For example, an example output from a model execution service 508 may read:

[{“ML_risk_score”: 0.75, “predicted_class”: “fraud”},
{“ML_risk_score”: 0.12, “predicted_class”: “clean”} ]

A cloud-side network 550 may include a model training database 552. Model training database 552 may be a database or a service which stores data required for the training of ML models. For example, database 552 may store transactional data, e.g. a transaction amount, account balance, geolocation of the device used for transaction, etc. Database 552 may also include indicators based on historical behavior of an account holder such as average amount of transaction, or transaction activity. Data for the training of ML models may include relevant and selected fields from transactions, customer data and results of detection and investigation. For example, database 552 may be a storage unit, e.g. a S3 bucket by Amazon Inc., and each dataset may be identified by a unique, user-assigned key.
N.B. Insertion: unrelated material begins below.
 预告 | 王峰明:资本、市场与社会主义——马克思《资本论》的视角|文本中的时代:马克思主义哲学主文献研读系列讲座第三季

Configuration and code storage 554 may be storage for configurations, code and notebooks. For example, storage 554 may include generic and customized templates of notebooks, code and configuration which may be required to run auto-refresh service 564. For example, storage 554 may be an S3 or a gitlab-like code repository service. Notebooks may be interactive programming and development tool used by machine learning practitioners to train ML models. They can include code and comments for training ML models.

Model repository storage 556 may be a service and/or a storage/repository for model artifacts. Storage 556 may store model artifacts. For example, storage 556 can store models in various forms such as pickle, Json file or can store blueprint of container images to run the model execution service.
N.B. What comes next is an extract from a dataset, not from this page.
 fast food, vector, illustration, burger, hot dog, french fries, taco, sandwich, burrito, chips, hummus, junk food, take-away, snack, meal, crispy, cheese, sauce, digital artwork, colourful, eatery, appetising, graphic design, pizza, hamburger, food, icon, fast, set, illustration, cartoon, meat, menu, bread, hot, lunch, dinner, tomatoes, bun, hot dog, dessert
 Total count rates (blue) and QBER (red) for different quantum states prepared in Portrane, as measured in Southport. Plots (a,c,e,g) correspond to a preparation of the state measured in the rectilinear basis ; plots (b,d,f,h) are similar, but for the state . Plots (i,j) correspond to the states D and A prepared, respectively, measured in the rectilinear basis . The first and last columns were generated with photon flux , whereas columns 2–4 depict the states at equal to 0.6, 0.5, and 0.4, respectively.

Sagemaker Instance 558 may be a model development environment service. Service 558 may allow customers accessing data and code and to compute securely. Service 558 may provide a programming environment such as Python environment and Jupyter notebooks and Python libraries. Users, e.g. a user using user device 210, can also run or trigger auto-refresh using service 558. Service 558 can be executed, e.g. using entities using Linux operating systems with Python, JVM, Jupyter notebooks installed on a cloud computing device, e.g. computing device 100 or 202.

Remote auto-refresh execution server 560 may be a service which can initiate training of a candidate model, e.g. server 560 can execute an auto-refresh request. Server 560 may execute an auto-refresh request automatically, e.g. after a pre-defined time period or in response to a user request and may generate relevant model artifacts and reports. Generated artifacts may be executable code or binary representation of the feature engineering steps and the trained candidate model that can be deployed to a customer network, e.g. customer network 400, to get inference on new data. Generated artifacts may include files in Json format that include metadata related to a ML model. Reports may be reports of performance metrics, e.g. performance comparison and statistics on data for one or more candidate models and a previously used ML model and a list of hyperparameters and metadata of the trained candidate ML models.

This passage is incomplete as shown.